Xihuacan is a Mesoamerican archeological site located on the Costa Grande of the Mexican state of Guerrero, near the small town of La Soledad de Maciel, and the larger towns of Zihuatanejo and Petatlán. While pieces had been found at the site earlier, including the King of La Chole stele and Mesoamerican ball court rings, formal excavations were only recently begun. The site had been occupied for over 3,000 years and by three cultures, with contact with other Mesoamerican cultures such as the Teotihuacan and Olmec. Explored areas include what may be the largest Mesoamerican ball court, a 1 ha pyramidal base and a hill with petroglyphs and a probable sacrifice stone.

According to residents, pieces had been found in the area since the 1930s, including some of the most important but formal excavations were begun only in the late part of the first decade of the 2000s, when authorities began to acquire lands for the archeologic exploration. One of these pieces is a stele discovered in 1944 called the King of La Chole, who was a venerated figure. Today, this piece is at the local church. The feet of the stele were in a private home but were returned to the site for its new museum. The rings of the ball court were taken to the city of Petatlán, along with a circular stone representing the goddess of the Earth, Tlaltecutli but have now been returned to the museum at the site. The stele, however, will remain at the local church.

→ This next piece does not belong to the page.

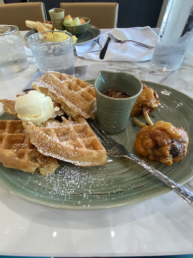 Read moreI was very excited to try out this place by the redbud trail where me and friends always go for runs. I think the concept is a great addition to the redbud trail, almost like a stop shop. The service was good, and the building itself is a great open design so I was excited for the food when I was sat down with my family. The brunch menu itself was very limited but I was not disappointed because I understand a simple menu is key to running great quality food. When I asked for the breakfast pizza I was informed that they were out of the dough and could not make that at the time. I tried the stack of pancakes, followed by the disappointment when informed that the pancake batter was not available either at the time. This made an already limited menu, even more limited. I settled on the chicken and waffles, with a side of the potatoes. Being one of the more expensive items, I expected a large meal that tasted great, instead I got 2 goofball size chicken wings. Not even 2 full waffles, just one waffle cut into 4 quarters placed atop one another to appear largerand. I could not believe that this plate had cost me $16 alone for the size of the portion. The food itself was above average, not bad but nothing special. The potatoes on the other hand, were the most disappointing part of my visit over all things. Unseasoned, deep fried, unevenly sliced. I could not decide if I was given potatoes or a sort of natural cut fry. While not burnt, the potatoes were nothing more than like biting into a soft piece of cardboard. I cannot believe this plate cost me $16 with the taste of a microwave waffle and chicken meal. I will not be coming back to this establishment again because I know that places like this do not change their prices or portion sizes, always trying to take as much money as they can get. I really wish that they wouldâve put a better company here who cares more about...
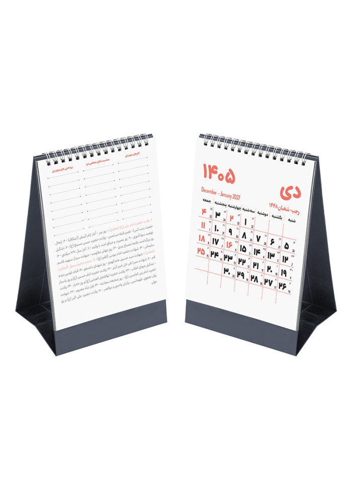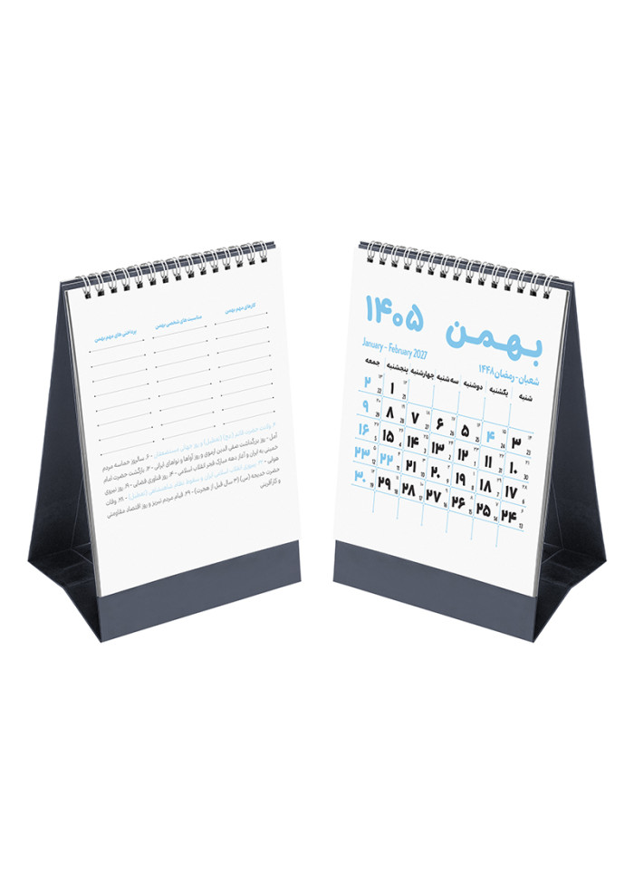• طرح صفحه نخست ویژه: هر ماه یک صفحه‌ی مجزا داره و پشت هر صفحه، کارهای مهم، مناسبت‌های شخصی و پرداختی‌های مهم اون ماه مشخص شده تا هیچ کاری یادت نره.

The site is located in the municipality of Petatlán, in the small village of La Soledad de Maciel. This village is located 4 km south of Highway 200 at the end of a dirt road. The village has a population of about 400 inhabitants with just under eighty houses. The residents subsist on agriculture, growing corn, beans, vegetables and coconuts, supplemented by some cattle and fishing along the local shore. The area is also known for the cultivation of tobacco and the making of handcrafted cigars. The excavation of the site and construction of a museum was built from 2007 to 2010 at a cost of 12 million pesos, not only to study and preserve the site but also to provide tourist attraction to an area with limited economic possibilities. According to the Instituto Nacional de Antropología e Historia the ruins could be as important as Teotihuacan or Chichén Itza as they span from the pre Classic to post Classic periods in Mesoamerican chronology. It is the largest ceremonial center and largest archeological site in the state. The site coincides with the ancient city of Xihuacan, which flourished between 200 and 800 C.E. It was the largest population center between Acapulco and Zacatula at its height. Pieces of ornamental work made with shells and copper indicate that this was begun here earlier than in Michoacán.

The excavated site is likely a ceremonial center which was used by various cultures over the course of its history, including the Tolimecs, the Cuitlatecs and the Tepuztecs. There are surrounding settlements, so the site could extend as much as 10 km2, from the Huamilule Hill to the community of Cabritero and the Chiquito River. According to the finds, the site had been occupied for more than 3,000 years and had contact with a number of other Mesoamerican cultures. Find of ceramics and other objects at this site and other nearby sites indicate that the cultures had economic and cultural contact with Teotihuacan. The site contains one idol which measures 1.5 meters tall and appears to be from the Olmec period.

Explored areas include Mound A, Mound B and the Cerro de los Brujos. Mound A was the ball court. This court measures 160 m long and 29 m wide. There is yet another section to be excavated, which may make it the largest Mesoamerican ball court. Excavation of the court found various deposits of human sacrifice and ceramics in the shape of jaguars. It also included a glyph, which is believed to relate to the original name of the city. Mound B measures 1 ha and is 15 m high. It was topped with five temples surrounding a sunken patio. The Cerro de los Brujos has various petroglyphs, a circular stone with appears to have been used for sacrifices and four pyramidal bases. One unique aspect to the site is that its pyramids are constructed with river stone and adobe, not common in Mexican archeology.